Он-то молчал на этот счет, знал: вернут. Будь он командиром постарше, сам вернул бы всех. Новым — осваивать здешнюю войну, а эти уже знали, почем фунт лиха, привыкли. К полутеплой каше, будто ничего другого и не ели. А про комаров говорили: зуммерят, как о телефонном сигнале…
Сейчас в плавнях и позиции совсем другие, с первыми не сравнить. Как бобры, солдаты сгребли по крохам землю и на «сушках», сросшихся в «связки», воздвигли настоящие крепости из брусков липкой земли. Камыш залег между ними арматурой. Повырастали дамбы с бойницами. Кое-где по дамбе тянулась и колючая проволока. Были и разрывы, в которые иногда, как рыбы, проникали разведчики, чаще наши — туда, в залитые водою, заросшие камышом чужие тылы; немец, тоже построивший себе дамбы, сидел тише, не рыпался.
Напротив его батальона немец повыжег перед своей дамбой камыш от паники. Ждал и боялся нашего наступления. Наступать не терпелось, но как?
Еще шептались: может, совсем уведут людей из плавней, сколько можно воевать по горло в воде? Короче, к чертям эту войну! Недотепы. И мы и противник держим друг друга подальше от берега, потому что берег — это возможность прорыва. Не уведут! Однако так же ясно было Марату Романенко, что солдаты живут в плавнях, чтобы драться, а не комаров кормить.

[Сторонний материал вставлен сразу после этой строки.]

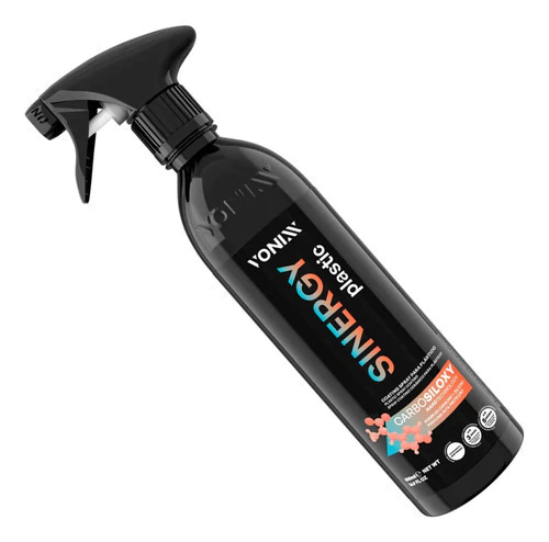 SINERGY PLASTIC SPRAY COATING é um protetor a base dagua, que contém carbono e silício agindo em sinergia para promover proteção de até três anos pláticos internos e cinco meses nos plásticos externos do veículo. A tecnologia CARBOSILOXY, faz com que o carbono presente na composição faça uma dupla fixação do silício no plástico, afim de aumentar a durabilidade.

Там, за плавнями, лежали Таманский полуостров и еще несколько кубанских станиц, в том числе и Гастагаевская, откуда слепой старик ждал невестку с внуками. Сына он проводил на войну, бабку схоронил во время оккупации и теперь сидел на старой табуретке посреди двора и ждал своих. Если кто в живых остался… Ближе всех была невестка, так уж вышло, что накануне освобождения его станицы она с детьми ушла в Гастагаевскую проведать родных да там и застряла поневоле. Старик сидел перед калиткой, сделанной из спинки от железной кровати. Подгнивший забор весь рухнул, как сдуло, а калитка чудом еще держалась на двух ржавых трубах, вбитых в землю вместо столбов, и ждала, когда ее откроют. Может, сам сын придет?
На старика не действовали угрозы, что надо перебраться туда, где люди, которые не оставят в беде.
— А как же меня сын найдет? — отвечал он. — Нет уж, тут я…
Кормили старика солдаты. Иногда он откидывал голову, отрывался от калитки и смотрел на солнце, как зрячий смотреть не может. И шептал, что и солнце стало другим, едва свои пришли.
— Я-то знаю!
Ну вот и ты испарился, дед, не дождавшись моего ответа. Отпустила меня ваша малярия, ведьма болотная. Не успел я тебе сказать, что скоро и Гастагаевская нашей будет. Не зимовать же здесь. А уже сентябрь на носу. Вот-вот где-то решительно начнется, где — не знаю, но вот-вот…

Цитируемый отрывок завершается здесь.